21st January, 2019
Standup India Related News

Travel startups capitalize on the e-commerce boom

According to report released by Financial Express dated 5th June, 2015, the online travel sector comprises more than 50% of the e-commerce industry in India, which is estimated to be in the range of $ 11 to 16 billion. According to a report by UBS Securities India, India’s e-commerce market is estimated to grow 10 times by 2020 to reach $ 50 billion. The online travel segment also had the largest number of startups –all eager to cash in on the e-commerce boom that has been considerably driven by the travel segment in India. It was in 2000 that MakeMyTrip entered the travel domain, and now it has revolutionized the way Indians make use of travel services with its one-stop shop offering the broadest selection of travel products and services. Soon enough, the market was flooded by innovative startups Tripoto, TravelTriangle, StayZilla, WeAreHolidays, iTraveller, TripHobo, Railyatri and Seeksherpa, among others. As on September 2015, India was host to around 80 online travel startups generating total revenue of $ 9.7 billion and evincing a 31% year-on-year growth. As per Venture Intelligence, the January-April 2015 quarter alone witnessed the segment receive a funding of approximately $ 40 million, a massive increase compared to the $ 14.8 invested during January-April 2014. According to President of Yatra, Sharat Dhall, the scope of e-commerce has scaled up due to rising internet and smartphone penetration, rising disposable income of consumers and increasing online buying penetration which have cumulatively increased the valuations of e-commerce firms with growing interest of investors.

Changing face of travel ecosystem

The travel industry is growing in terms of value and volume due to multifarious factors.
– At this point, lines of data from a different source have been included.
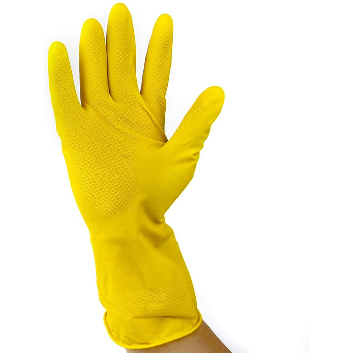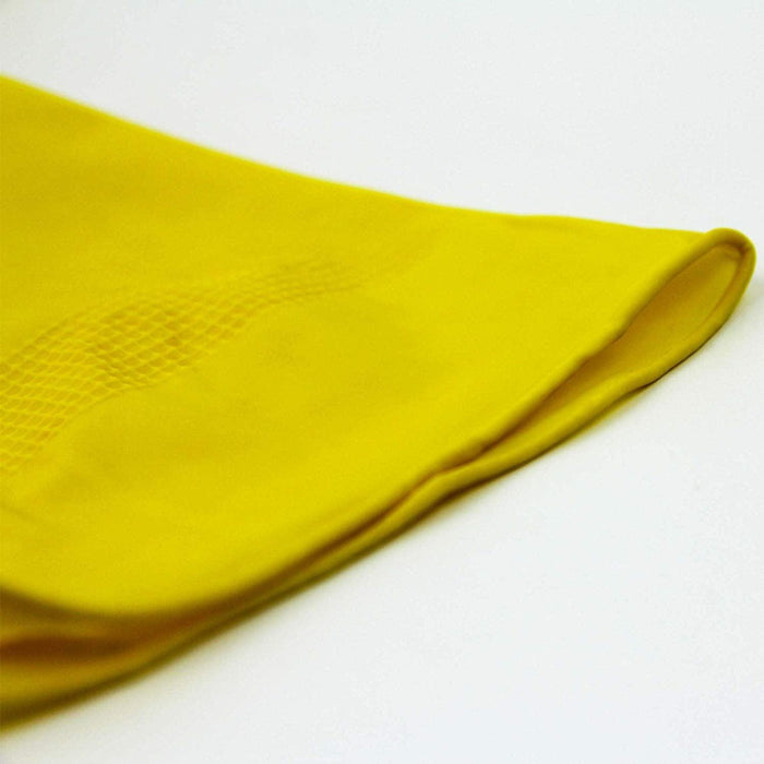 The Nella 11" Yellow Rubber Gloves are made of durable rubber that can be used for heavy-duty tasks. Their convenient design are perfect for household kitchen cleaning, dishwashing, strong work, medical, painting, or gardening food safe gloves.
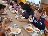 「ナン」と「キーマカレー」は、インド料理です。自転車のサドルのような形をしたインドのパン「ナン」にキーマカレーをつけて食べて下さい。小学校1~2年生と3~6年生、中学生でサイズが違います。キーマカレーには、みじん切りの玉ねぎが18Kgも使われています。調理員さんたちは、玉ねぎが目にしみるのを我慢してみじん切りにしてくれました。おいしいキーマカレーも、調理員さん達の頑張りがあってこそですね。
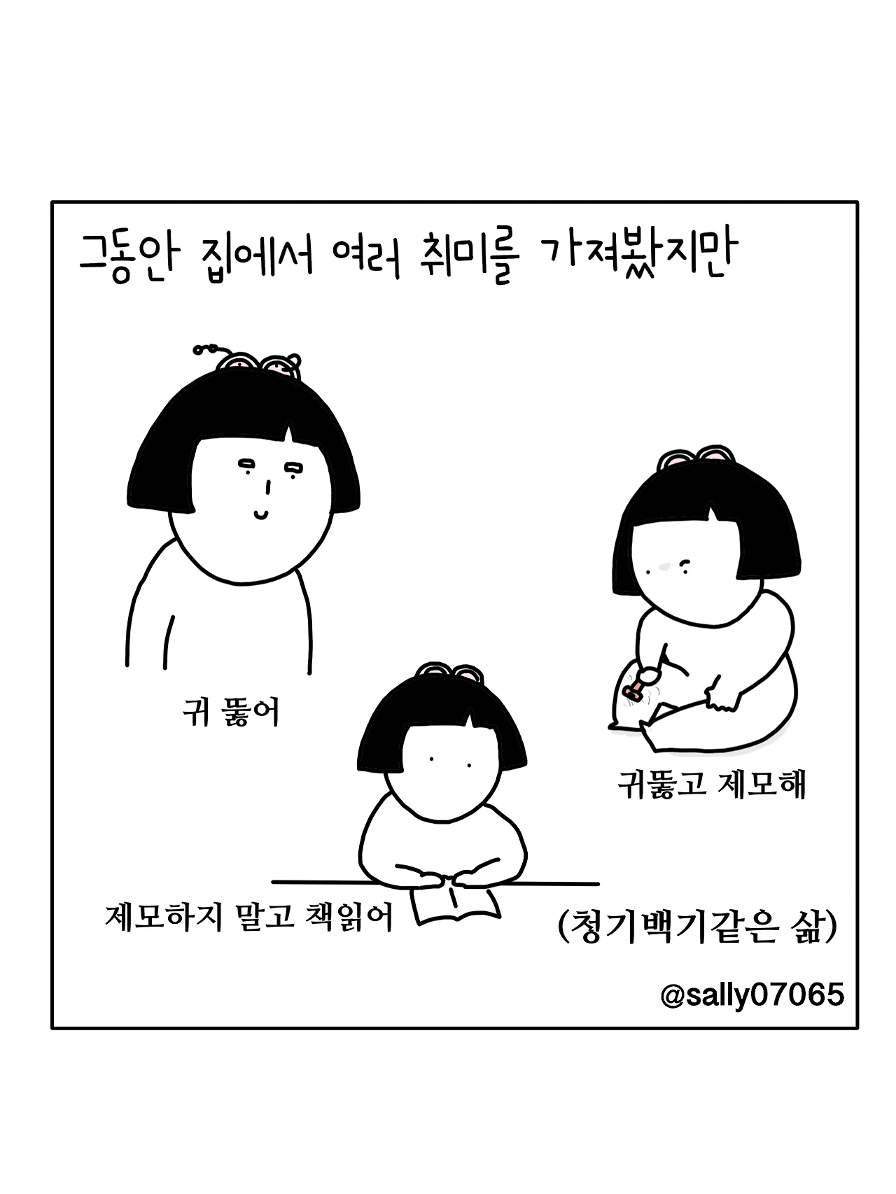 인스타계정sally07065에서 일상툰을 올리며, 블로그운영(밑 url 주소), 책 ‘내향적인 사람 중 가장 외향적인 사람’을 썼습니다
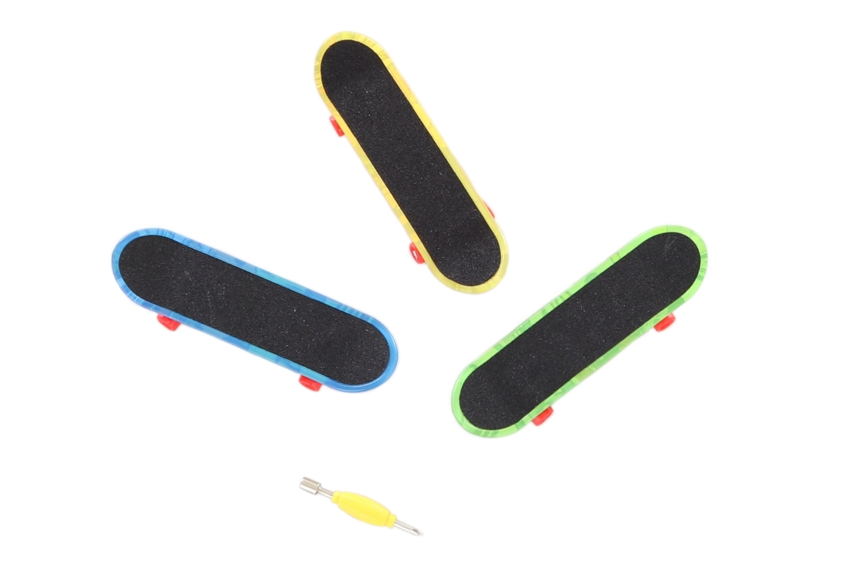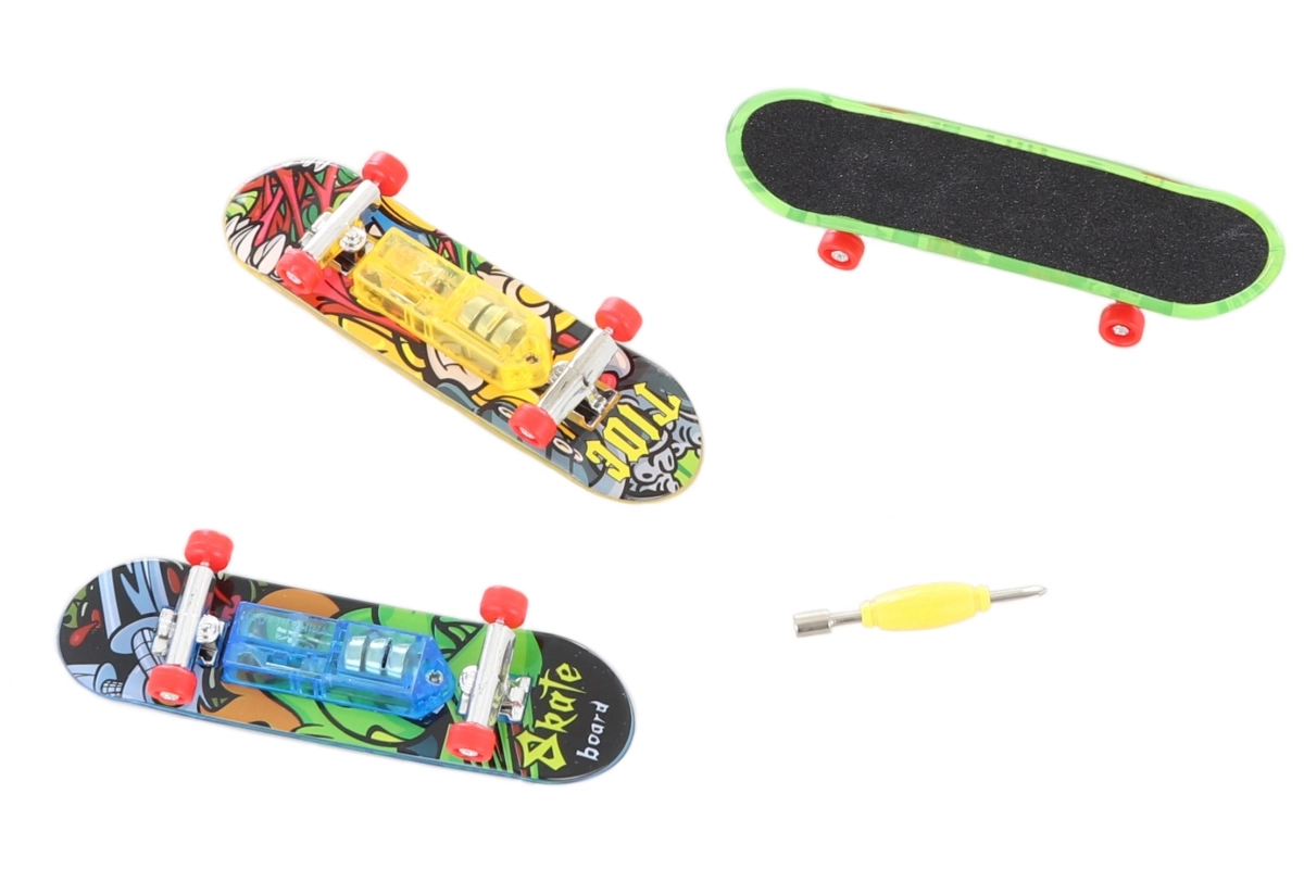 V paketu najdete 3 mini skejte in orodje za privijanje. Baterije AG13 so priložene, zato lahko začnete takoj.
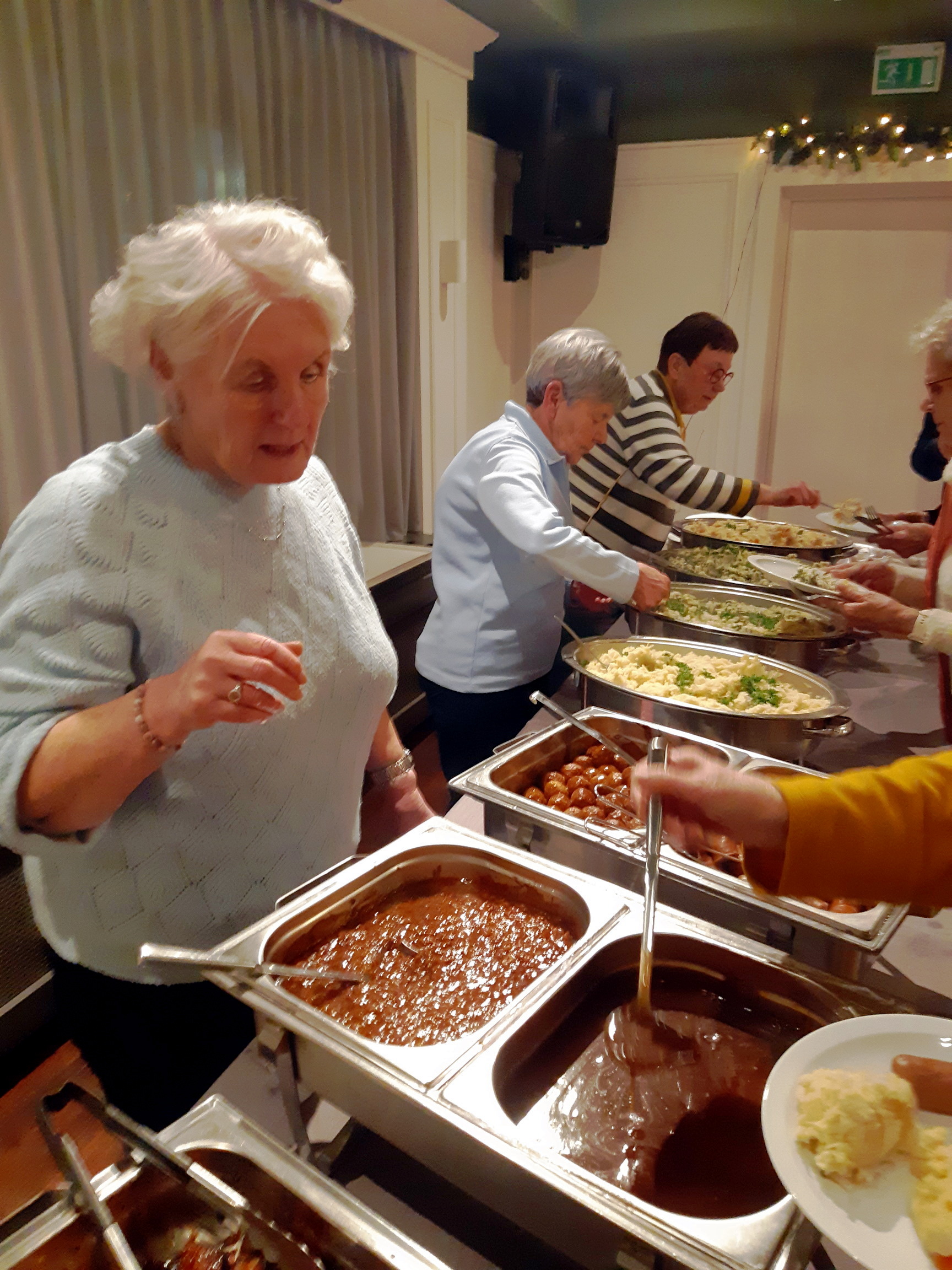Na de pubquiz was er ons inmiddels bekende stamppottenbuffet. Deze keer ook weer in het Prinsenhof. Er was keuze uit vier soorten stamppot: hutspot, andijvie, boerenkool en zuurkool-stamppot en drie soorten vlees en natuurlijk jus met of zonder spekjes. Na een kopje koffie/thee is iedereen weer met een volle maag en hopelijk een goed gevoel naar huis gegaan. Dit is zeker een activiteit die wij bij de Senioren 50+ Best ieder jaar willen organiseren. Met dank voor de helpende hand van de Golden Girls.
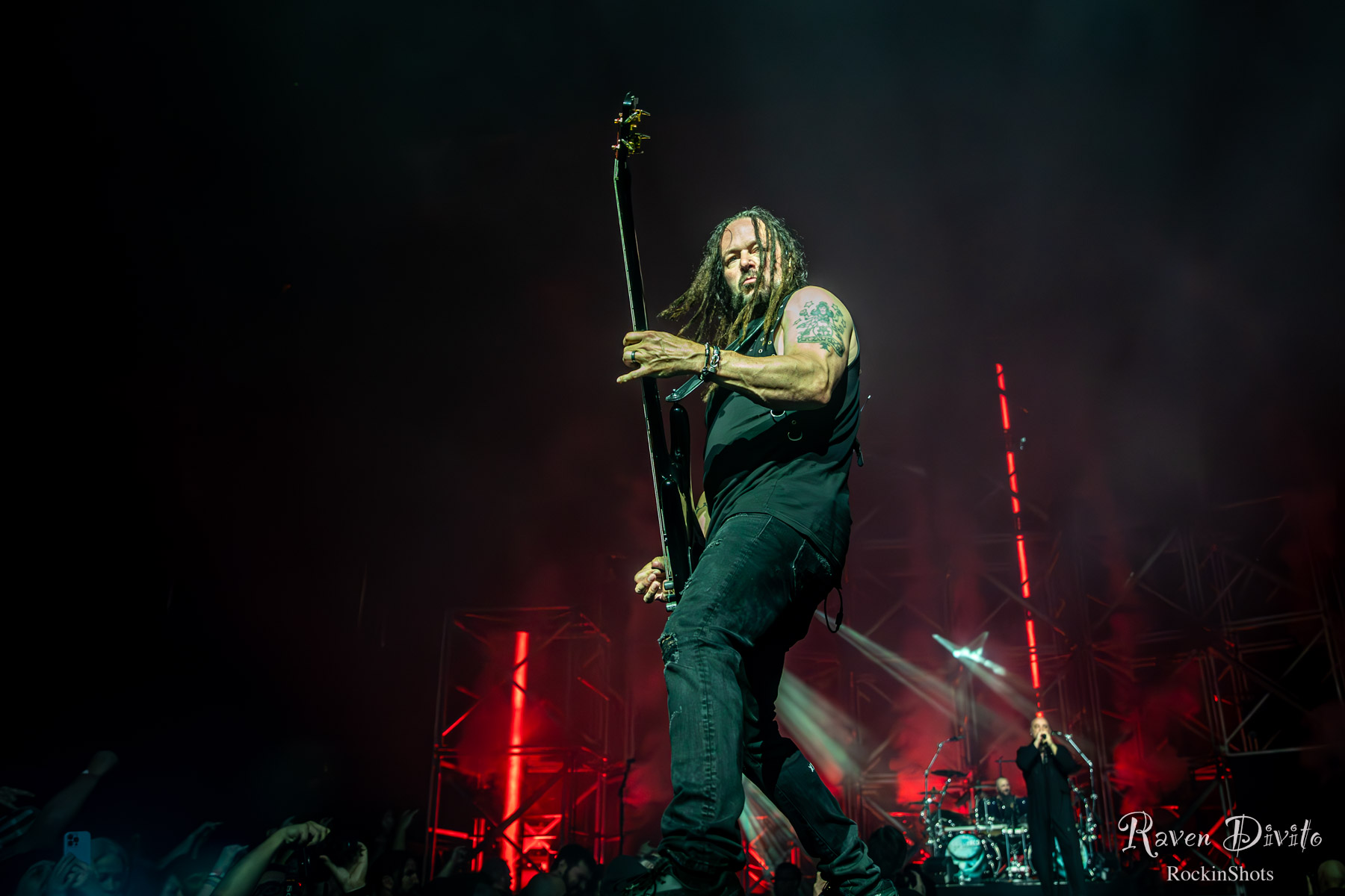 The setlist was a perfect blend of classic tracks from The Sickness, including “Stupify,” “The Game,” and “Down with the Sickness,” played in album order, which brought back memories of the initial CD experience. Side A of the album has remained a staple in their live shows, and hearing these songs live was exceptional. Side B offered a deeper dive, with Draiman’s distinctive scampering-style vocals shining on songs like “Violence Fetish,” “Fear,” and “Conflict.” These deeper cuts created a nostalgic flashback for older fans and a fresh, exhilarating experience for newer audiences.

Packages and personalized deals offered by travel startups, their tie-ups with hotels and lodges, path-breaking solutions offered by new travel startups, use of innovative technologies, among others are some of the specific drivers of the industry growth. More and more, travel startups are opting for e-commerce with the popularity of online shopping growing among customers, helping them widen their reach domestically and even globally. The infrastructure and set-up costs have also decreased significantly due to startups going the e-commerce way.

Investment avenues

Private equity firm SAIF Partners has been active in the travel space for a long time. It has invested in MakeMyTrip, iXiGO (travel search engine) and TravelTriangle (a platform for connecting travelers to service providers) due to their ability in building great mobile products and offering solutions beyond just information. As per LightSpeed Advisory Services India Prinicipal, Manindar Gulati, claims that venture capital firms generally looks for large markets, disruptive business models, and exceptional teams while funding. AngelPrime Partner, Amit Somani states that travel startup sectors which have been popular with investors include alternative accommodations, last-minute hotels, travel search and planning, and travel services marketplace. Greyhound Research, an IT analyst firm, states that investors vie in for startups which promise good profit returns. Moreover, customer acceptability and quick adaptability to respond to changing market dynamics is essential for startups to survive and retain its appeal among investors.

Travel Startup stakeholders share their learning experience

Despite funding support to expand and scale up their operations, startups need to be cautious on several grounds to avoid pitfalls. According to MakeMyTrip CEO, Rajesh Magow, startups need to focus on customer experience and better service (beside price advantage and tech-robustness) to stand out among others in the industry. Also, startups need to be wise and selective while choosing to raise funds for scaling up their business. iTraveller is online platform which allows users to discover, book customized holiday packages. It’s CEO, Shiju states that relatively new startups have to struggle to get the right pricing in order to attract Indian consumers who usually vouch for companies having a huge brand value. According to Magow, even though travel space offers a lucrative business, the success percentage for startups is very low since. Many startups flounder and fail due to their inability to differentiate their ideas, products and services in the market. Other reasons include inefficient allocation of funds, over promising and under-delivering, inadequate customer service support and unclear market strategy. According to deal advisory, KPMG Director, Girish Menon, startups face several challenges in the competitive travel industry such as uncertain and evolving regulatory environment, infrastructure challenges, limited payment ecosystems, declining airline commissions, and entry of international players with their global supplier networks.

Survival strategies

Startups have the challenge of constantly innovating and measuring up what the new-age consumers are demanding and aim to become one-stop source for all their consumer’s travel needs by focusing on areas like community participation and deeper supplier engagement.